**Input records**
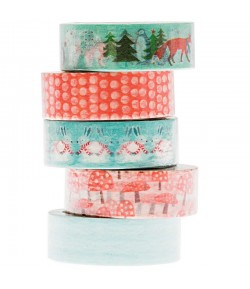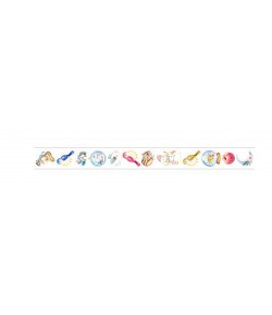 Lot de 3 rouleaux de masking tape de 5 mètres chacun et support décoré Gorjuss. Dimensions : environ 15 cm.
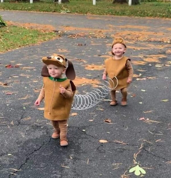 Dos hermanitos disfrazados de la parte delantera y trasera del perro con resortito. 100/10 por creatividad.
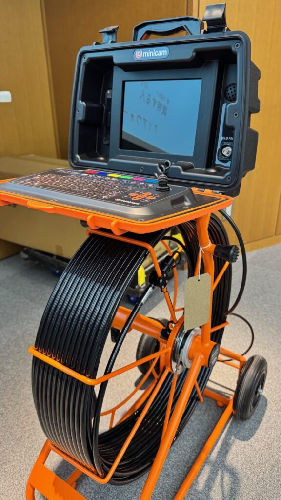 家庭の排水管と下水管の本管をつなぐ管を検査するカメラです。大きな内視鏡みたいな感じです。先端にはライトが着いていて、暗い下水管の中が良く分かるように工夫されていて、そのカメラの映像を確認できるモニターや画像を保存できるPCが搭載されたマシンです。
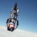 Lumpi ha subido su moto a un avión para elevarse por encima de las nubes (23.000 pies, 7.010 metros), lanzarse al vacío y empezar a hacer acrobacias. Bueno, o intentarlo, porque a la vista del resultado no parece que haya conseguido algo demasiado digno y es más una lucha por mantenerse unido a su Vespa hasta que no ha aguantado más.
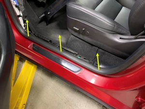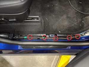 - Install the RH front seat harness to the lower A-pillar 12V bracket clips (x5).
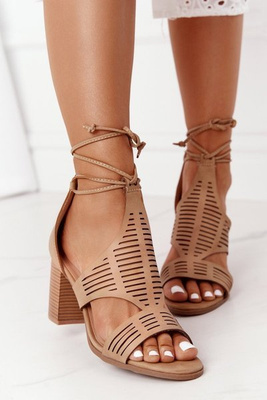 Wiązane Ażurowe Sandały Na Słupku Beżowe Lorette
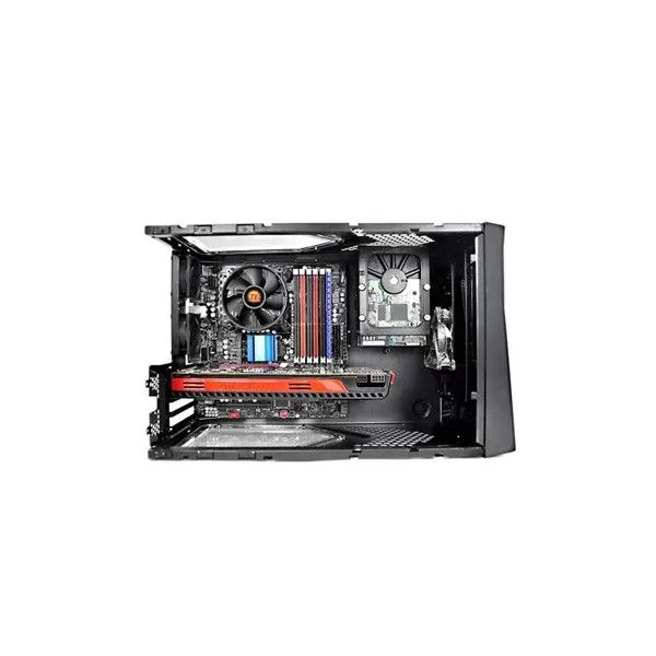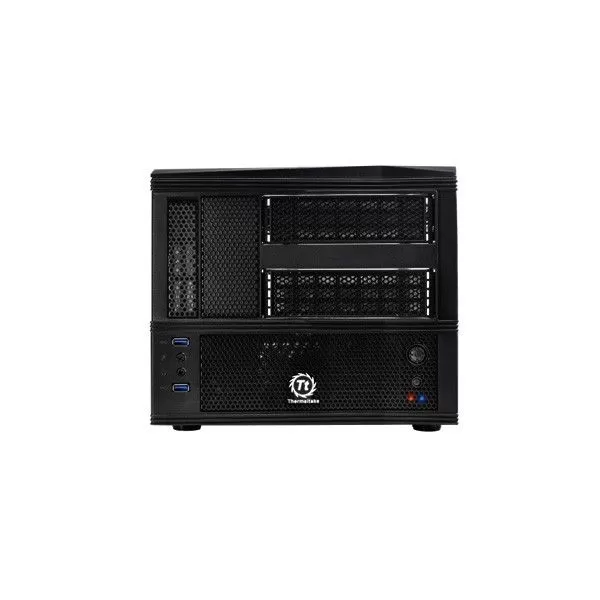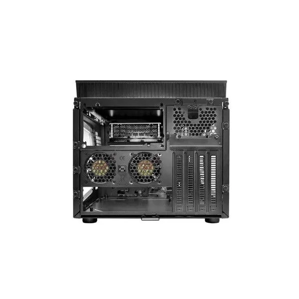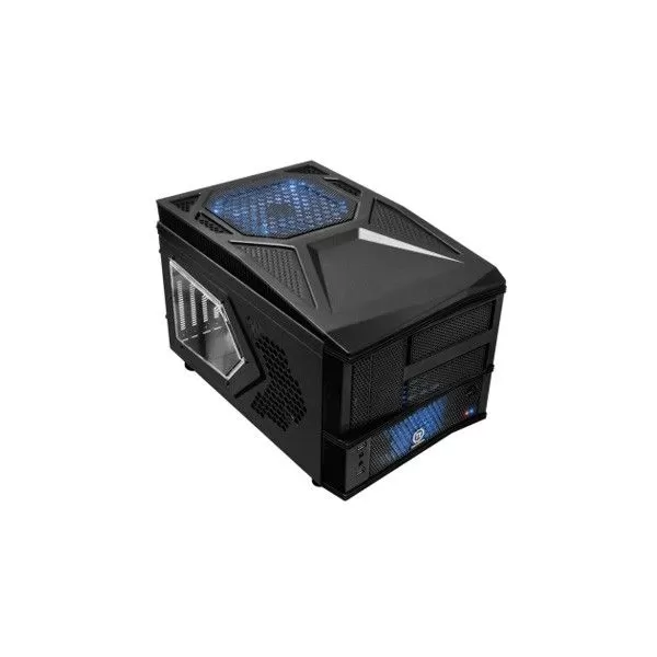 Thermaltake Armor A30i Window, SECC & Aluminium Cube, fara sursa (tip ATX, montata sus), interior vopsit negru, 2x 5.25” (extern), 1x 3.5” (extern), 2x 3.5” (intern), 2x.2.5” (intern), fata – 1x 92mm Blue LED fan (1200 RPM, 16dBA, inclus), spate – 2x 60mm (1500 RPM,18dBA, inclus), tavan – 1x 200mm Blue LED fan (800 RPM, 15dBA, inclus), 2x USB 3.0, HD Audio, Micro ATX / Mini ITX, , inaltime maxima cooler procesor: 90mm, lungime maxima placa video: 350mm, dimensiuni (HxWxD): 266x291x456mm, greutate: 5.7kg

**What you should do**
Reproduce nothing but the lines running from the line with "Lumpi ha subido" through the end of the records, keeping both end lines and dropping the pictures.

**Solution below**
 Lumpi ha subido su moto a un avión para elevarse por encima de las nubes (23.000 pies, 7.010 metros), lanzarse al vacío y empezar a hacer acrobacias. Bueno, o intentarlo, porque a la vista del resultado no parece que haya conseguido algo demasiado digno y es más una lucha por mantenerse unido a su Vespa hasta que no ha aguantado más.
 - Install the RH front seat harness to the lower A-pillar 12V bracket clips (x5).
 Wiązane Ażurowe Sandały Na Słupku Beżowe Lorette
 Thermaltake Armor A30i Window, SECC & Aluminium Cube, fara sursa (tip ATX, montata sus), interior vopsit negru, 2x 5.25” (extern), 1x 3.5” (extern), 2x 3.5” (intern), 2x.2.5” (intern), fata – 1x 92mm Blue LED fan (1200 RPM, 16dBA, inclus), spate – 2x 60mm (1500 RPM,18dBA, inclus), tavan – 1x 200mm Blue LED fan (800 RPM, 15dBA, inclus), 2x USB 3.0, HD Audio, Micro ATX / Mini ITX, , inaltime maxima cooler procesor: 90mm, lungime maxima placa video: 350mm, dimensiuni (HxWxD): 266x291x456mm, greutate: 5.7kg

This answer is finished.